Wiggle is a European online sports retailer, selling cycle, run, swim and outdoor equipment and apparel. It is based in Portsmouth, England.

The company is part of the WiggleCRC group, which also includes Chain Reaction Cycles.

History 

The origins of Wiggle trace back to a local bike shop called Butlers Cycles, located in Portsmouth. Mitch Dall, a founder of Wiggle, bought the shop in 1995.

Wiggle started trading in May 1999, with an initial investment of £2000 from Dall and Harvey Jones.

Between 1999 and 2009, Wiggle experimented with online retail, and experienced strong growth.

By 2006, Wiggle was turning over £11.8m and Livingbridge private equity took a 42% stake in the company. After a further three years of 40% growth, Livingbridge bought the remaining 58% in 2009, including  Dall's remaining 26% stake.

Livingbridge brought in Humphrey Cobbold as CEO in December 2009. By 2011, projected annual revenue was £118m following strong international growth helped by a weak pound. Andy Bond, the former CEO of Asda, was hired to help this process.

In 2011, Livingbridge considered taking the company public in an initial public offering, with the company's overall value estimated at £200m, and pre-tax profits having risen from £7.1m to £10.2m in the year to January 2011, following a 123 percent increase in international sales.

After an auction in December 2011, Wiggle was acquired by venture capitalists Bridgepoint Capital for £180m. Wiggle was now one of 6 European online sports retailers, and no 2 in the UK to Chain Reaction Cycles.

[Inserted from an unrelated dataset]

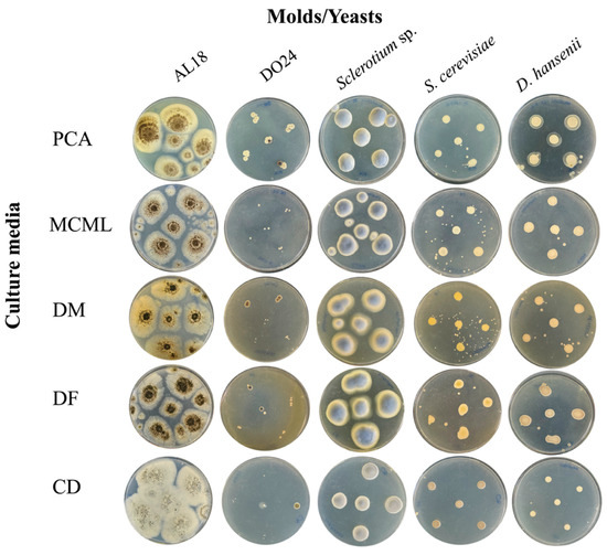 The potential of MCML on different microorganism growth was evaluated by testing a panel of 84 bacteria (Figure 4, Table S2, Figure S3) and five fungi (two yeasts and three molds) (Figure 5, Table S2). We used the PCA as a control medium, where all microorganisms were able to grow. It was observed that MCML supported the growth of 75% (63 of 84), whilst DF saw a growth of 81% (68 of 84) (Table S2). The DM culture medium allowed the cultivation of only 50% (68 of 84) of the total tested bacteria (Table S2). Finally, the CD medium supported more than 90% of microbial growth for both amounts of used sucrose (81 of 84 with 30.0 g L−1 sucrose and 78 of 84 with 2.0 g L−1) (Table S2). Finally, all tested fungi (AL18, DO24, Sclerotium sp., D. hansenii, and S. cerevisiae) grew on all the tested culture media (Figure 5, Table S2).

In September 2013, after the sale of the business, Cobbold stepped down and Stefan Barden (former CEO of Northern Foods) took over.

In 2015, the company consolidated its 3 owned and 1 rented warehouses in Portsmouth to a newer larger 320,000 sq ft facility in Wolverhampton.

In 2015, Andy Bond stepped down and Brian McBride joined as chairman. McBride was formerly the CEO of Amazon UK and is the chairman of the online fashion clothing retailer ASOS.

WiggleCRC 

The merger of Wiggle and Chain Reaction Cycles was announced in 2016: by this time No1 and No2 largest global online players in the cycle and tri sports product categories.

In late 2016, Stefan Barden was replaced by Will Kernan  as the new Group CEO   - Kernan was previously the CEO of The White Company, and before that MD and COO at New Look. In January 2019, it was stated that Kernan was to be replaced by Ross Clemmow, a former Debenhams director.

The WiggleCRC Group formed after the Competition Commission approved the merger and Wiggle bought 100% of the Chain Reactions Cycle equity from the Watson family for £62m. A key driver of synergies was the closure of CRC’s Northern Irish warehouse and distribution infrastructure whose volume was integrated into Citadel in Wolverhampton; this process was concluded in December 2017.

The Wiggle and Chain Reaction Cycles brands remain distinct, with their own websites. Proforma turnover was over £360m in 2017 and Wiggle was the largest pure-play online sports retailer in Europe.

In October 2017 it was announced that WiggleCRC had bought a German competitor and market no.2, Bike 24, for a reported £100m, giving  access to German suppliers and a potential 'Brexit hedge'.

Group Proforma sales are now believed to be about £500m, and it was announced that the Bike24 brand and websites will continue alongside the Wiggle and Chain Reaction Cycles websites.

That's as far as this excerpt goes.